Session Title: Quick Fire Free Paper 3

Session Date/Time: Thursday 11/09/2014 | 14:30-16:00

Paper Time: 14:35

Venue: Boulevard D

First Author: : I.Laíns PORTUGAL

Co Author(s): :    J.P. Marques   M. Costa   I. Pires   M. Cachulo   J. Figueira   R. Silva

Abstract Details


To compare the incidence and phenotype of neovascularization (NV) between fellow eyes of unilateral retinal angiomatous proliferation (RAP) and typical exudative age-related macular degeneration (tAMD) and also to identify fundoscopic changes associated with the development of NV in RAP fellow-eyes.


Department of Ophthalmology, Centro Hospitalar e Universitário de Coimbra, Coimbra, Portugal. Association for Innovation and Biomedical Research on Light and Image, Coimbra, Portugal.
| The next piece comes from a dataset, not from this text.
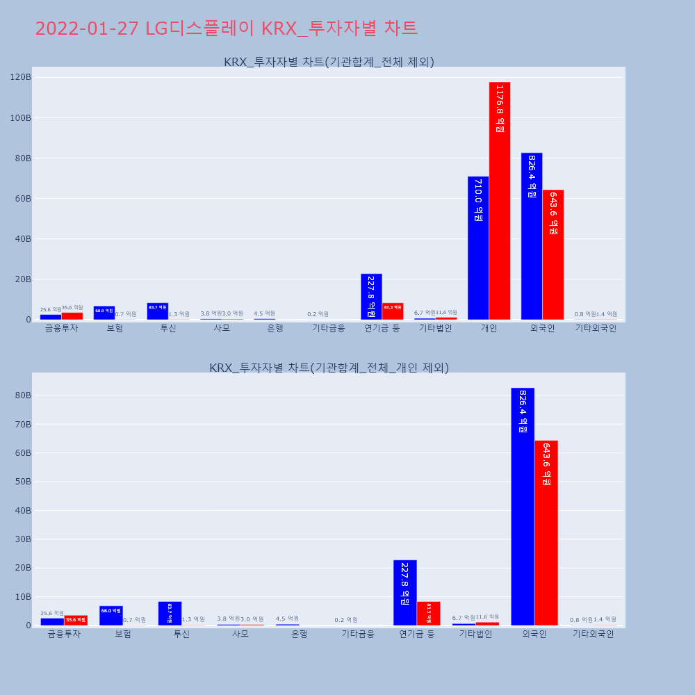 | 외국인 | 72,597 | 49,002 | -23,595 | 2,103,605,700 | 1,411,965,100 | -691,640,600 |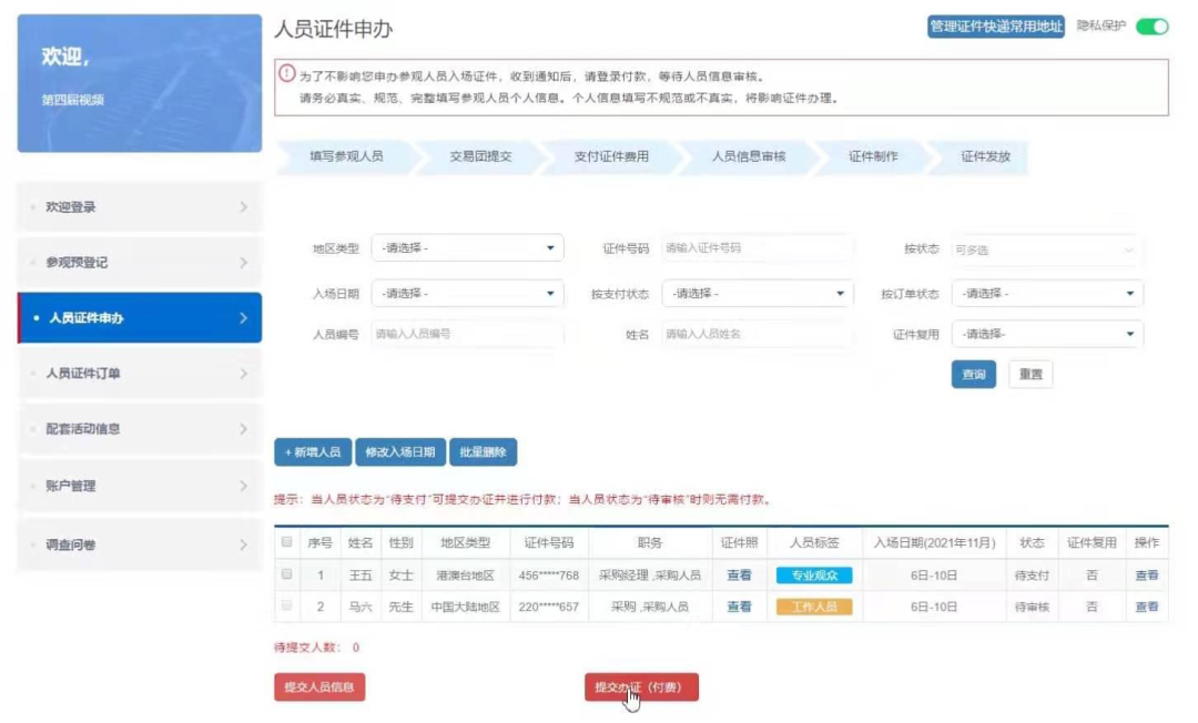 付费成功后,后台会对人员信息进行二次审核,通过后将进入制证环节。企业可随时登录官网查看审核制证进度。

Retrospective study. After assessment of our database, seventy-nine fellow-eyes (study eyes) of patients with unilateral tAMD (group 1, n=40) and RAP (group 2, n=39) were included. All medical records were reviewed and incidence of NV in the study eye was registered when it was confirmed by optical coherence tomography, fluorescein angiography and indocyanine green-angiography. To assess baseline fundoscopic changes and associated risk to conversion, study-eyes’ color fundus photographs at the time of diagnosis of NV in the first eye were retrospectively analyzed. Classification was performed by a certified grader, using an innovative semiautomated software – RetmarkerAMD (Critical Health, SA, Portugal). The diagnosis of AMD NV phenotypes were double-checked using multimodal retinal imaging.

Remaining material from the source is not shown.